Some of the security risk of MediaMax comes from the fact that users are locked into the MediaMax music player application. The player app evades the measures designed to block access to the music; and of course the app can’t play non-MediaMax discs, so the user will have to use multiple music players. Having this extra code on the system, and having to run it, increases security risk. (And don’t tell me that music players don’t have security bugs — we saw two serious security security bugs in Sony music software last week.) Worse yet, if a security problem crops up in the MediaMax player app, the user can’t just switch to another player app. More code, plus less choice, equals more security risk.
Worse yet, one component of MediaMax, a system service called sbcphid, is loaded into memory and ready to run at all times, even when there is no disc in the CD drive and no music is being played. And it runs as a kernel process, meaning that it has access to all aspects of the system. This is another component that can only add to security risk; and again the user has no choice.
It’s important to recognize that these problems are caused not by any flaws in SunnComm and Sony’s execution of their copy protection plan, but from the nature of the plan itself. If you want to try to stop music copying on a PC, you’re going to have to resort to these kinds of methods. You’re going to have to force users to use extra software that they don’t want. You’re going to have to invoke administrator privileges more often. You’re going to have to keep more software loaded and running. You’re going to have to erode users’ ability to monitor, control, and secure their systems. Once you set off down the road of copy protection, this is where you’re going to end up.
=====================
Tired of being treated like a criminal? They depend on you, not the other way around. Don't buy their 'product'. Do bug your local political representatives. Use emails, snail-mail, phone calls, faxes, IM, stop them in the street, blog.
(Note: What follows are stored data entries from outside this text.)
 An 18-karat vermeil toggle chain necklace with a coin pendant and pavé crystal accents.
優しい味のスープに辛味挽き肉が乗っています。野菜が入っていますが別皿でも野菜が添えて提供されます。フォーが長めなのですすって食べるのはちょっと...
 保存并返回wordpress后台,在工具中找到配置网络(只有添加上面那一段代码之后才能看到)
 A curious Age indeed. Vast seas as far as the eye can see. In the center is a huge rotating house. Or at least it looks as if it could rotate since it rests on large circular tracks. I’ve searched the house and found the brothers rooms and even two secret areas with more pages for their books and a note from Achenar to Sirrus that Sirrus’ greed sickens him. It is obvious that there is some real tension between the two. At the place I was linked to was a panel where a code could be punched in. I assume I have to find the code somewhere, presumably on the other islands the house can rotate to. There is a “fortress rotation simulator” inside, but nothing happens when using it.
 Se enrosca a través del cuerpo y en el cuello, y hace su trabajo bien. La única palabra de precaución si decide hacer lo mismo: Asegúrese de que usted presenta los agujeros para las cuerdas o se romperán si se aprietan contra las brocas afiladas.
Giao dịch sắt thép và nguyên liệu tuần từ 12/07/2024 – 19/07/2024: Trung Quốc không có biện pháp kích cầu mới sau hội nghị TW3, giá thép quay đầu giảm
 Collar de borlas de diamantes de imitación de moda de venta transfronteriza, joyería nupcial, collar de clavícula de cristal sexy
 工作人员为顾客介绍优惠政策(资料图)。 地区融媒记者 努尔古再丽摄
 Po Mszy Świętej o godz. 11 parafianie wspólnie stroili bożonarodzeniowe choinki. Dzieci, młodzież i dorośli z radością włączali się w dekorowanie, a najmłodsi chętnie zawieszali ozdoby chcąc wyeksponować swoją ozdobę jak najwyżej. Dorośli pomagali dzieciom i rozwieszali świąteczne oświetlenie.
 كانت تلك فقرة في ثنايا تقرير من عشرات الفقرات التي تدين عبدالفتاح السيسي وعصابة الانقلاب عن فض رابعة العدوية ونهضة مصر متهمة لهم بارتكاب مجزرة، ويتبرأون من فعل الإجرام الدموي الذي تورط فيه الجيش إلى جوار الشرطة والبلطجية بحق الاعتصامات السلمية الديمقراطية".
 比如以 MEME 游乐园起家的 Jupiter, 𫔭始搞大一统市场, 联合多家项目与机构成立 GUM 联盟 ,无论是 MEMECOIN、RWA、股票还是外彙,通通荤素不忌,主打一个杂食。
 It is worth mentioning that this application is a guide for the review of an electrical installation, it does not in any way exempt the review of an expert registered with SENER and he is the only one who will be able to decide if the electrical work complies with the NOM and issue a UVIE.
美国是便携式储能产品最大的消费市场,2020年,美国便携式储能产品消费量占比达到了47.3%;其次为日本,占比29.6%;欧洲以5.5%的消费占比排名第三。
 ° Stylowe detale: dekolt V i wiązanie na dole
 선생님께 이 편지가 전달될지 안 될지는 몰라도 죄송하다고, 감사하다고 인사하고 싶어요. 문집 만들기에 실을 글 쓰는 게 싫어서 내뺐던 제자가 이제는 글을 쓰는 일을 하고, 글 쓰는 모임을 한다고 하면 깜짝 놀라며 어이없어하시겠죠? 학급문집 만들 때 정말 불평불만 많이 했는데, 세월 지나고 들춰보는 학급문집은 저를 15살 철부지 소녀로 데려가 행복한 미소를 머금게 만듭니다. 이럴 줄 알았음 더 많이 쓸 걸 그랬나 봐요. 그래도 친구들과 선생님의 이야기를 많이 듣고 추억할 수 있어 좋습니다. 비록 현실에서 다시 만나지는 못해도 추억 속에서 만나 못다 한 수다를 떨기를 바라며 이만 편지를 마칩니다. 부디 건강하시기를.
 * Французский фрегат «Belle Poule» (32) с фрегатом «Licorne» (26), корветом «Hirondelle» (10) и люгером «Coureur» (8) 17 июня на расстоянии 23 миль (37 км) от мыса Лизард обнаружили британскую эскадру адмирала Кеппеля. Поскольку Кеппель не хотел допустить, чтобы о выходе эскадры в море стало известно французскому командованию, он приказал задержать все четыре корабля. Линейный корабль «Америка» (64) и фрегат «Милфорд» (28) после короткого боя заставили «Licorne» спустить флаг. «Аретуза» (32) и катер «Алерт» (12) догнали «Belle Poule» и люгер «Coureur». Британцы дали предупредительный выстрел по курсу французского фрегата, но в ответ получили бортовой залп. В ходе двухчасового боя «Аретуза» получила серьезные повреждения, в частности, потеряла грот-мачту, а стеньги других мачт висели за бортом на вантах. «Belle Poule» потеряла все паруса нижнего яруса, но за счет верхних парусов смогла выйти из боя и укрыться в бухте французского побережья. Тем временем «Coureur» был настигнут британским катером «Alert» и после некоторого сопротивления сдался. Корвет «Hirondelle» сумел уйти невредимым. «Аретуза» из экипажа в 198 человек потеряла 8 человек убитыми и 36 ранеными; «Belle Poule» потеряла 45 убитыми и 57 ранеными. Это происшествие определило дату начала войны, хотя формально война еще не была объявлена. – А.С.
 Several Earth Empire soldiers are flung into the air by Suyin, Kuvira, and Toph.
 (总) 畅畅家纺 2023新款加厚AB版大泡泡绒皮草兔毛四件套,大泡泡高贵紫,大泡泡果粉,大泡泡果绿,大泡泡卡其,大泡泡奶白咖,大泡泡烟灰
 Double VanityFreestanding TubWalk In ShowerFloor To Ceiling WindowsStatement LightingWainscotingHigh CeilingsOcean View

And if you're into organizing, organize petitions, organize demonstrations and then turn up on your local political rep's doorstep, making sure you've contacted your local tv/radio station/newspaper in advance.
http://p2pnet.net/story/7082
It's easy to say "boycott thier product", but there's still one big problem. The public, in general, has no idea that any of this is going on. Yes, all of us here in the forums know what's going on and I'm sure 99% of us spread the word to our friends, neighbors, etc., but when's the last time you watched something on your local news or read something in the newspaper. Until the masses are informed, these big corps are just going to keep pushing and pushing.